Evaluating the temperature dependence of δ44/40Ca along with δ18O, Mg/Ca, and Sr/Ca in calcite tests of multiple foraminifera species

Abstract

Preserved biomineral chemical compositions serve as valuable tools in constructing proxies for reconstructing past climates. A persistent effort exists to enhance and innovate temperature proxies, ensuring a comprehensive understanding of historical temperature variability—a vital Earth System parameter. Calcium isotopes (δ44/40Ca) in foraminifera have been debated to be sensitive to temperature and requires further refinement.
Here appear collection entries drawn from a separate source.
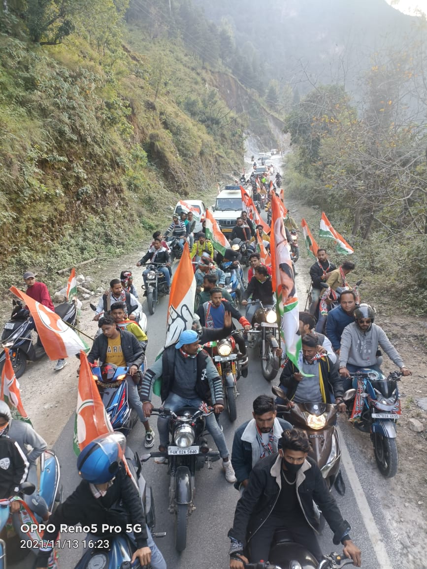 बागेश्वर-शनिवार को कवि जोशी जिलाध्यक्ष युवा कांग्रेस बागेश्वर के नेतृत्व में युवा कांग्रेस बागेश्वर द्वारा प्रथम बार बागेश्वर आगमन पर कांंग्रेस प्रदेश प्रभारी देवेन्द्र सिंह यादव व युवा कांग्रेस उत्तराखंड प्रदेश अध्यक्ष सुमित्तर भुल्लर का भव्य स्वागत किया।उसके बाद बागेश्वर भागीरथी से कपकोट कार्यक्रम स्थल तक युवा कांग्रेस बागेश्वर द्वारा बाइक रैली निकालते हुए प्रभारी व प्रदेश अध्यक्ष को ले जाया गया।जिसमे सेकड़ो युवा कार्यकर्ताओ ने भाग लिया।बाइक रैली में कवि जोशी जिलाध्यक्ष युवा कांग्रेस बागेश्वर,ईश्वर पांडे प्रदेश सचिव,अंकुर उपाध्याय प्रदेश प्रवक्ता,सुनील पांडे जिला कोषाध्यक्ष,जीवन पांडे अनुशासन समिति अध्यक्ष,रिजवान खान जिला उपाध्यक्ष,जयदीप कुमार जिला उपाध्यक्ष,मोहन कोरंगा विधानसभा अध्यक्ष कपकोट,नरेंद्र कोरंगा जिला महासचिव,गणेश कुमार जिला महासचिव,खजान खेतवाल जिला महासचिव,योगेश मेहता जिला सचिव,राकेश भट्ट जिला प्रवक्ता,खालिद हुसैन जिला प्रवक्ता, विशाल रावत जिला सचिव,फिरोज खान जिला सचिव,मोनीष खान जिला सचिव,जय रावत,कमलेश गढ़िया, धीरज गढ़िया,हिमांशु जोशी,संजय कुमार,प्रकाश वाचमी,अमन कुमार, मनोज कुमार,समीर,संस्कार भारती सोशल मीडिया नगर अध्यक्ष,हरीश मेहता,राहुल सिंह,निक्कू,सूरज सिंह,अमित सिंह नगरकोटी ,रोहित गढ़िया,तनुज दानू,मनोज,गिरीश कुमार,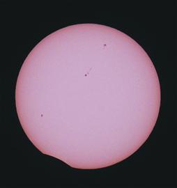 ????昨天早晨,很多青島市民在忙著上班上學(xué)的時候,頭頂上正在悄悄上演著日偏食奇觀。從昨天早晨5時23分到7時39分,一個多小時的時間里,太陽慢慢變成“金鉤”又慢慢復(fù)原。本報記者和青島觀象臺的專家們趕赴即墨海邊拍下了整個日偏食的過程。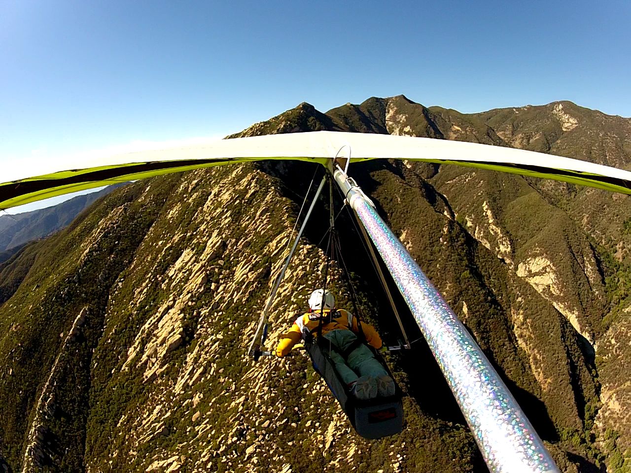 looking eastbound from the pass, Tom flying tandem w Peter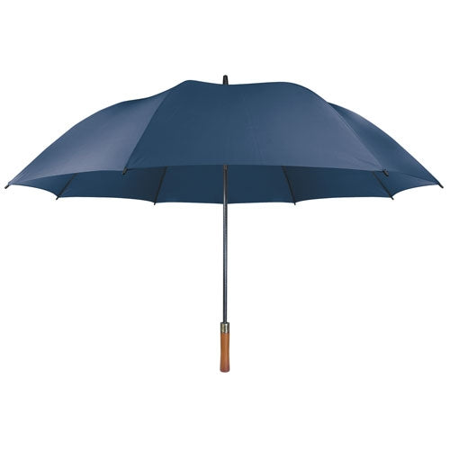 Druckknopf-Regenschirm mit Holzgriff und wasserdichtem Stoff. Erhältlich in Marineblau, Schwarz und Stein.

In this study we present a comprehensive assessment of δ44/40Ca temperature sensitivity in foraminifera by utilizing concurrent δ44/40Ca, δ18O, Mg/Ca, and Sr/Ca ratios data on same samples. These coupled isotopic and elemental ratios were determined across various foraminifera species, including benthic (C. wuellerstorfi), thermocline planktic (G. truncatulinoides, G. inflata), and mixed layer planktic (G. ruber, G. bulloides, O. universa, G. siphonifera) from core-top and sediment trap samples from the Atlantic Ocean. The δ44/40Ca -T calibration included calcification temperatures derived from both δ18O and Mg/Ca, utilizing established δ18O -T and Mg/Ca-T relationships. The temperature sensitivity of δ44/40Ca in foraminifera is 0.042–0.058 ‰/°C using all species data from published work and this study (except data from <3 °C habitat temperature). We report foraminifera δ44/40Ca and temperature relationships: δ44/40Ca (‰) = 0.042 × T (°C) + 0.289 (r2 = 0.80, p < 0.0001), using temperatures derived from δ18O and Mg/Ca, respectively. Furthermore, we introduce a novel paleotemperature equation for foraminifera, employing a multi-regression approach that combines two temperature proxies, δ44/40Ca and Mg/Ca: SST (°C) = (9 ± 2.6) × δ44/40Ca + (3.28 ± 0.63) × Mg/Ca - (2.89 ± 1.09). This multi-proxy approach can mitigate the uncertainty associated with individual proxy measurements and allows cross-validation. Application of this multi-proxy relationship to an East Atlantic Site (GeoB1112) yields a glacial-interglacial temperature change of 4.2 ± 0.93 °C between MIS 1 and MIS 3 which is in agreement with published work.